High left for court and got back around 2:20 p.m., complaining of an infection.
Nurse Deb Barnes testified he had no infection but he was anxious.
“He was upset because he thought he was getting out at court.”
The evening of Dec. 22, High “was a little bit off,” correctional officer Matt Hopkins said.
He called the jail’s health care department about his concerns, but was told High was withdrawing from something and such behaviour was expected, Hopkins testified.
The next morning, Dec. 23, he was told by other officers High “slept through the night and really there was no change,” Hopkins said.
He didn’t check the actual logs of the overnight period, which showed High spent a restless night pacing his cell.
Hopkins called health care again at 8:21 a.m because High “appeared to be unresponsive and lying on the floor.”
Moretti came down in the middle of dispensing medications, found High on the floor and asked if he could help, and if High had been taking street drugs.
To each question, High gave an angry, “No!”

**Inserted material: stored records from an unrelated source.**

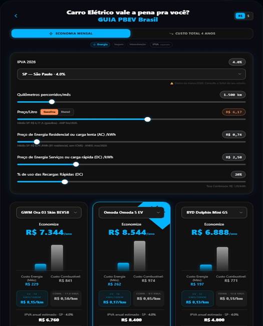 Esta é a funcionalidade que mais gera reação. O Simulador TCO (Custo Total de Propriedade) compara, ano a ano, quanto custa ter um carro elétrico versus um equivalente a combustão na mesma categoria.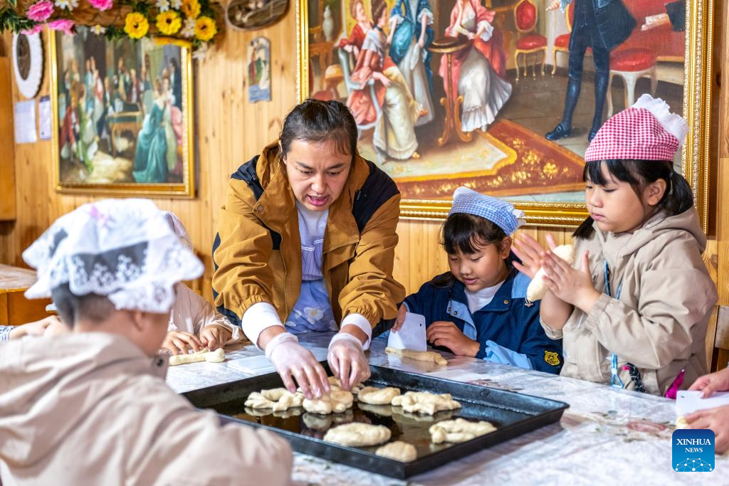Children learn to make Russian bread at Enhe Township of Hulun Buir, north China's Inner Mongolia Autonomous Region, on Aug. 21, 2025. Enhe, located in the northeastern corner of Inner Mongolia, is China's only Russian ethnic township that has for years drawn travelers seeking its inspiring blend of Chinese-Russian culture, hearty cuisine and sweeping natural vistas.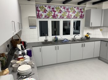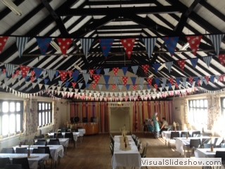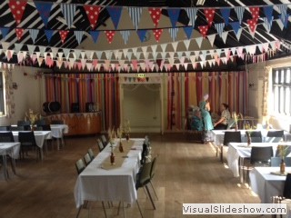 The Hall has a public entertainment license which permits music and dancing, but all entertainment must end by 11.00pm (Mon - Sat) and 10.30pm on a Sunday, the site must be cleared and empty by 11.30pm (Mon - Sat). The whole building is a NO Smoking area. There are plenty of tables and chairs to use with more than one event on the same day, but for exclusive use there is seating for approx 150 but with staging and tables 100 is more comfortable. The main hall has an audio system and noise limiter. Hirers can connect wirelessly by bluetooth, 3.5mm mini jack plug or XLR cable. There are hard wired microphones and wireless microphones available for use on application. The main hall also has a projector and screen which can be made available on application. Connections via HDMI or bluetooth plus connection to our audio speakers. For more information about using the Hall as a Wedding Reception Venue please click here Slideshow of recent Weddings in the Hall. The shared kitchen is included within the price. If alcoholic drinks are being sold on site then we have a prefered supplier who offers a mobile bar service based in Cambridge http://www.banquetinn.co.uk/ or a Temporary Event Notice under Licensing Act 2003 will need to be applied for, but only after approval by the Booking Secretary. Floor Plan - we hope the attached file will give some indication of the layout of the building for your planning purposes.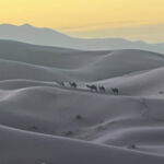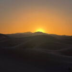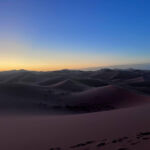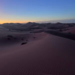 Heute steht ein entspannter Ruhetag in der Wüste auf dem Programm. Direkt an den beeindruckenden Dünen des Erg Chebbi hat jeder die Möglichkeit, den Tag ganz nach seinen eigenen Wünschen zu gestalten – ob aktiv oder einfach nur zum Genießen der besonderen Umgebung. Einige von uns starten bereits früh in den Tag: Noch vor Sonnenaufgang geht es hinauf auf eine der großen Dünen. Oben angekommen erleben wir, wie die Sonne langsam aufgeht und die Landschaft in warme Farben taucht – begleitet von einem leichten Wind, der den Sand über die Dünen wehen lässt.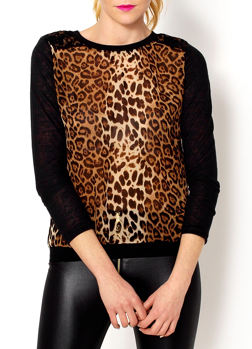 Bluzka, z przodu szyfonowa panterka, tył i rekawy z materiały lekko prześwitującego i cieniowanego, dół i rękawy zakończone ściągaczem, na ramionach wstawki z koronki.Materiał 65% bawełna, 35% poliester.Modelka wzrost 175cm, na co dzień nosi S/M, rozmiar z prezentacji produktu S/M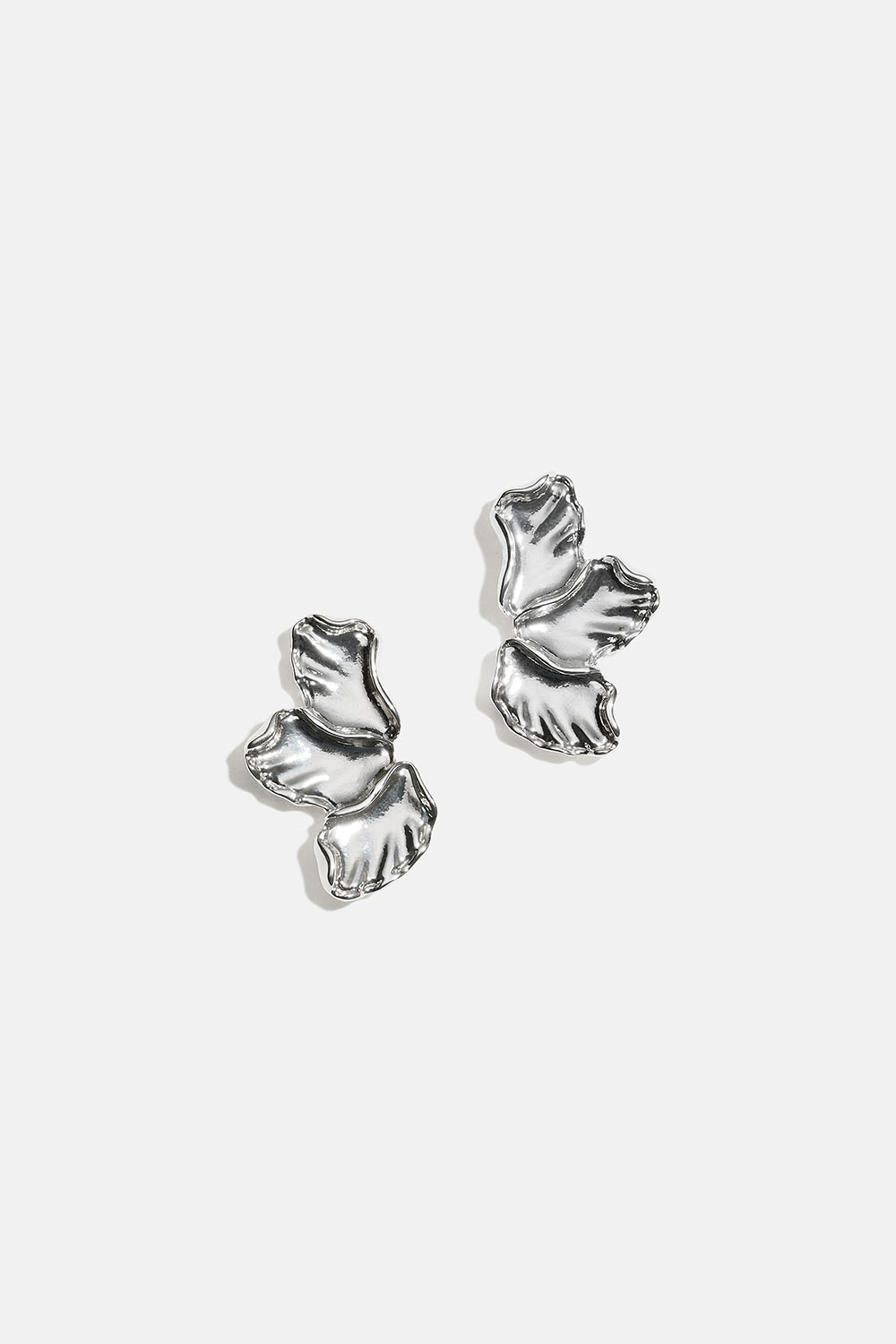 Små kronbladformede metaløreringe med foldede kanter.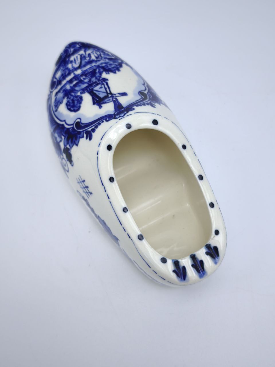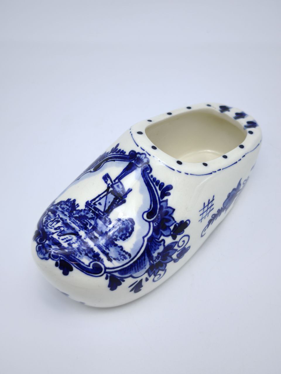 Элегантная фарфоровая статуэтка в виде традиционного голландского кломпа – это не просто предмет декора, но настоящее произведение искусства, воплощающее утонченность и дух традиций. Кломп, расписанный вручную в нежной синей гамме, выделяется великолепной детализацией и выразительными узорами. Роспись на фарфоре изображает узнаваемые голландские мотивы – старинные мельницы, цветочные элементы и орнаменты, которые переносят нас в атмосферу сказочного уюта европейской сельской жизни.Этот аксессуар станет яркой деталью вашего интерьера, идеально подходящей для оформления настольной композиции, полок или витрин. Компактный размер позволяет разместить фигурку как в небольших пространствах, так и в центре внимания, где она непременно привлечет восхищенные взгляды гостей. Каждый элемент рисунка выполнен с вниманием к мельчайшим деталям, а насыщенность синих оттенков делает статуэтку ещё более эффектной и нежной.Кломп – символ трудолюбия и искренности, а в интерпретации фарфора он приобретает особую ценность. Такая фигурка станет отличным подарком как ценителю искусства, так и человеку, который хочет добавить в дом частичку культурного наследия Европы. В качестве украшения она гармонично впишется в интерьер, оформленный в классическом, прованс или современном стиле.Фарфоровый кломп – это красиво, стильно и многозначно. Её можно подарить на любой случай: день рождения, новоселье, профессиональный праздник или же просто для того, чтобы выразить свою заботу и внимание. Эта статуэтка расскажет свою историю, даря уют и эстетическое наслаждение каждому, кто на неё посмотрит. Добавьте в свой дом или коллекцию частичку гармонии и красоты с этой утонченной фарфоровой фигуркой!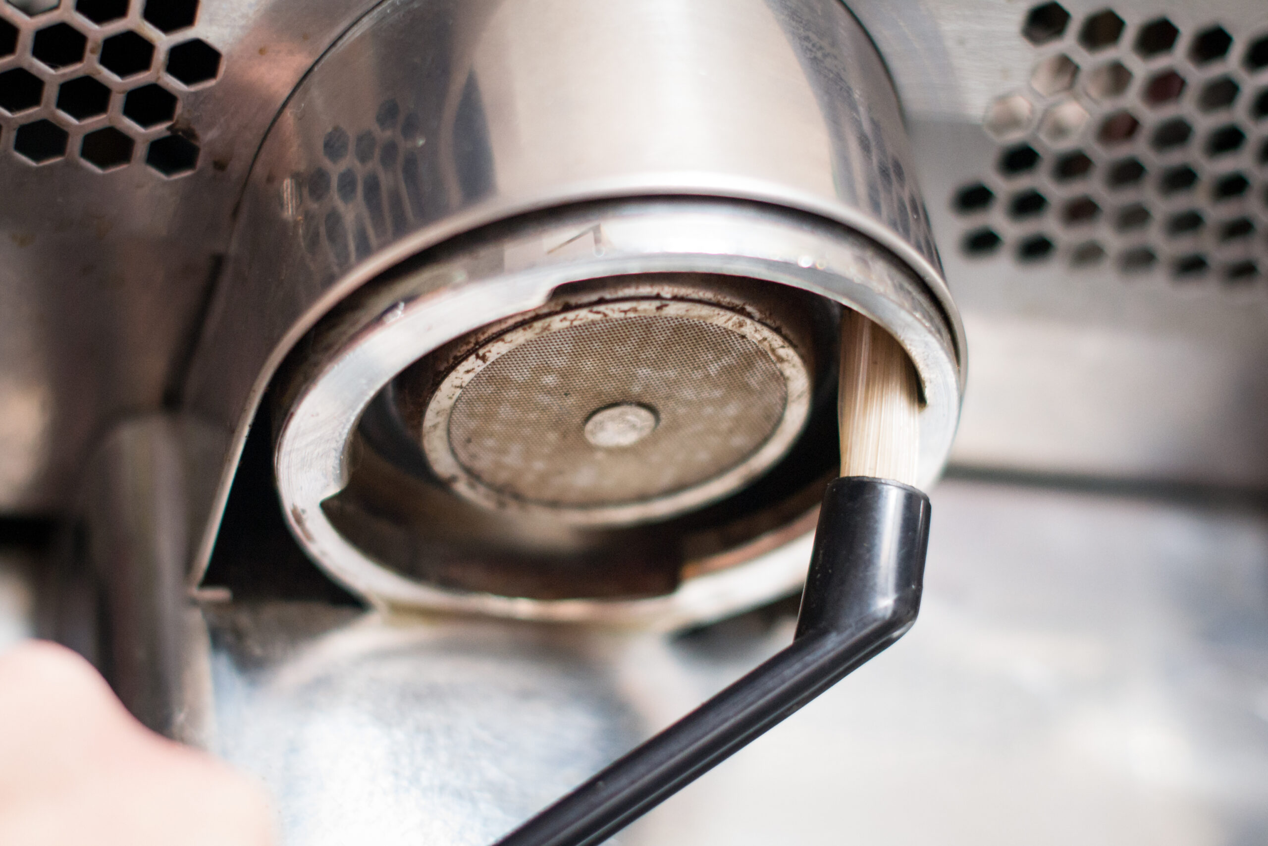 Remove the basket from the portafilter by using a teaspoon. Then using a toothbrush, scrub both the basket and interior of the portafilter well. Using hot water will make it a lot easier to clean, but be careful not to burn yourself.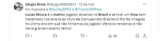 Lucas Moura está à disposição da comissão técnica e pode retornar ao time titular, mas sua presença não é garantida na partida de logo mais.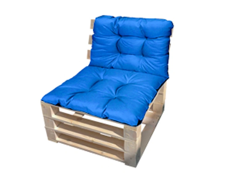 Аренда кресла из поддонов Классик деревянного с синей подушкой на мероприятие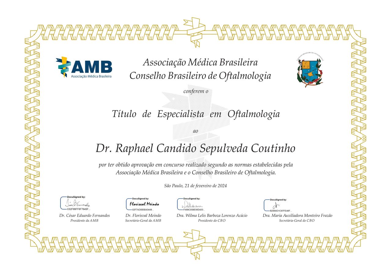 Título de Especialista em Oftalmologia pelo Conselho Brasileiro de Oftalmologia (CBO) / Associação Médica Brasileira (AMB).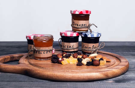 Small glass jars with lids with fruit or berry jam tied Shapagat on the table, round cutting board, candied fruit, nuts - hazelnut, cashew, almond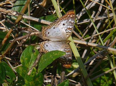 White peacock butterfly. We also saw a few common buckeyes, and a pink rattlebox moth.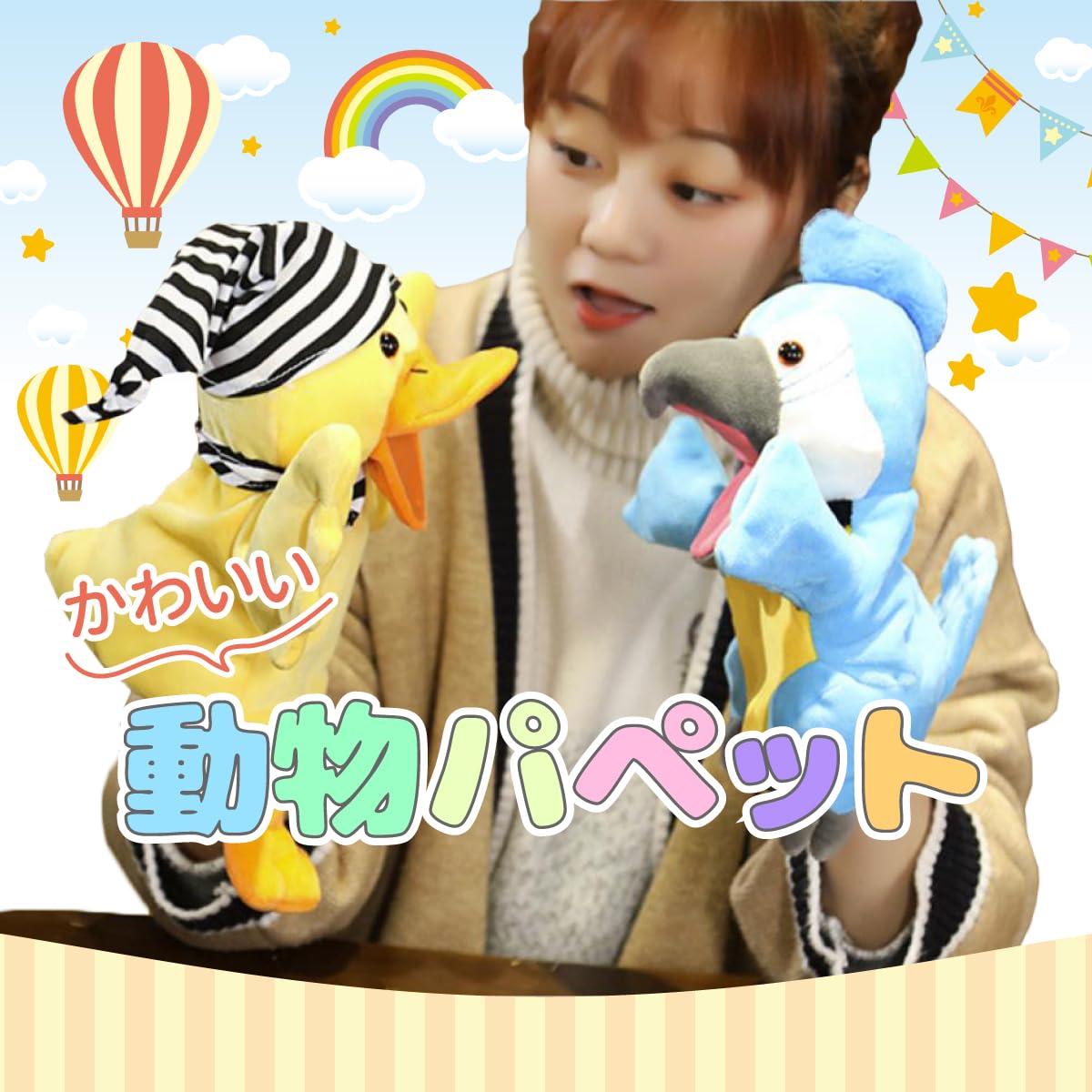 【創造力と表現力を育む可愛らしいぬいぐるみ】 パペット人形を使った人形劇や腹話術で、子供たちの創造力や表現力を促進します。さまざまな種類のハンドパペットが揃っているので、子供たちは飽きずに楽しむことができます。親子で一緒に遊ぶ事で絆を深める事も出来ます。

Moretti said he had no idea High might be in withdrawal from prescribed medications or alcohol.
Shortly after 9 a.m., after High had come back from a video appearance in court, Moretti checked him again and saw High walking in his cell. Moretti decided to put High at the top of the list to see a psychiatrist at noon that day.
Correctional officer Hopkins still had concerns about High, but by then the strange behaviour “became the norm for that inmate.”
On one of his regular 10-minute checks, at 10:30 a.m., he saw High on the floor, naked and not noticeably breathing.
One of the three segregation officers had been called out to do a search and the other had stepped out for a bit, leaving him alone, Hopkins said.
At that same moment, two other inmates were in crisis, threatening to hurt themselves and covering the windows.
When his partner returned, he checked on High and found him with no vital signs.
Staff tried to revive High but he never came back, declared officially dead at hospital at 11:30 a.m.
The cause of death was delirium, with a possible factor an enlarged left heart chamber, pathologist Dr. Elena Tugaleva testified.
“There is some uncertainty to cause of death in this case.”
Delirium is a clinical syndrome that usually has an underlying medical condition, or history of drug use, or withdrawal.
Delirium can kill by a heart rate jumping or becoming irregular, she said.
The syndrome can often be treated while the underlying condition is cured, she said.